For a given seed (starting state), we must be able to specify a 64-bit "stream index", where the values drawn from each stream are independent. Many off-the-shelf generators support only a 32-bit stream index, and we have hit that limit in the past.
For a given stream index, we need to be able draw a large number of samples from that stream.
We need to be able to seek ahead to an arbitrary spot in a stream.

For the mrg32k3a algorithm, the seek ahead is done by computing an operator based on the number of samples to skip and applying that to the state. This skip-ahead is expensive, but we don't need to do that operation very often. The mrg32k3a generator has a period of ~2^191, so I had divided that into 2^64 streams that were equally spaced across the full span of the generator.

The benefit of the newer Counter-Based RNG (CBRNG) algorithms is that they have very cheap skipping to arbitrary locations.

Looking at the random123 library, it is filled with lots of macros and cuda stuff. It is MIT licensed, so we could potentially redistribute it and wrap it with cython. Looking at the reikna code, we could either try to rip out the CBRNG and supporting code, or just require it as a dependency. It has a lot of stuff that we don't need, so it seems like overkill to require it. We could also just grab the source code from MOAT and wrap that implementation with cython. Obviously that would not provide the benefits of better algorithms, but it would be fairly straightforward.

keskitalo commented 8 years ago

Do we have any idea about the relative efficiency of these algorithms?

On Thu, May 5, 2016 at 7:25 AM, Theodore Kisner notifications@github.com wrote:

I spent some time looking at the source code for random123, reikna, numpy.random, and our own legacy code in MOAT (a custom implementation of a different streamed RNG algorithm by L'Ecuyer, mrg32k3a). The requirements we have are:

1.

For a given seed (starting state), we must be able to specify a 64-bit "stream index", where the values drawn from each stream are independent. Many off-the-shelf generators support only a 32-bit stream index, and we have hit that limit in the past. 2.

For a given stream index, we need to be able draw a large number of samples from that stream. 3.

We need to be able to seek ahead to an arbitrary spot in a stream.

For the mrg32k3a algorithm, the seek ahead is done by computing an operator based on the number of samples to skip and applying that to the state. This skip-ahead is expensive, but we don't need to do that operation very often. The mrg32k3a generator has a period of ~2^191, so I had divided that into 2^64 streams that were equally spaced across the full span of the generator.

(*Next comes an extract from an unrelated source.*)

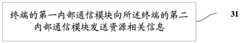 本公开实施例中,终端的第一内部通信模块向第二内部通信模块发送自身对应的通信模式的资源候选信息,和/或,其他通信模式的资源感知信息,使得第二内部通信模块可以根据资源候选信息和/或资源感知信息进行数据的收发,降低或避免多模的数据收发时的收发冲突和/或功率受限与干扰等问题,或在发生冲突或潜在冲突的时候在多个模块间丢弃部分数据,提高通信效率。In the embodiment of the present disclosure, the first internal communication module of the terminal sends the resource candidate information of the corresponding communication mode to the second internal communication module and / or the resource awareness information of other communication modes, so that the second internal communication module can Resource candidate information and / or resource awareness information to send and receive data, reduce or avoid problems such as sending and receiving conflicts and / or power limitation and interference during multi-mode data sending and receiving, or in multiple modules when conflicts or potential conflicts occur Partial data is discarded occasionally to improve communication efficiency.

The benefit of the newer Counter-Based RNG (CBRNG) algorithms is that they have very cheap skipping to arbitrary locations.

Looking at the random123 library, it is filled with lots of macros and cuda stuff. It is MIT licensed, so we could potentially redistribute it and wrap it with cython. Looking at the reikna code, we could either try to rip out the CBRNG and supporting code, or just require it as a dependency. It has a lot of stuff that we don't need, so it seems like overkill to require it. We could also just grab the source code from MOAT and wrap that implementation with cython. Obviously that would not provide the benefits of better algorithms, but it would be fairly straightforward.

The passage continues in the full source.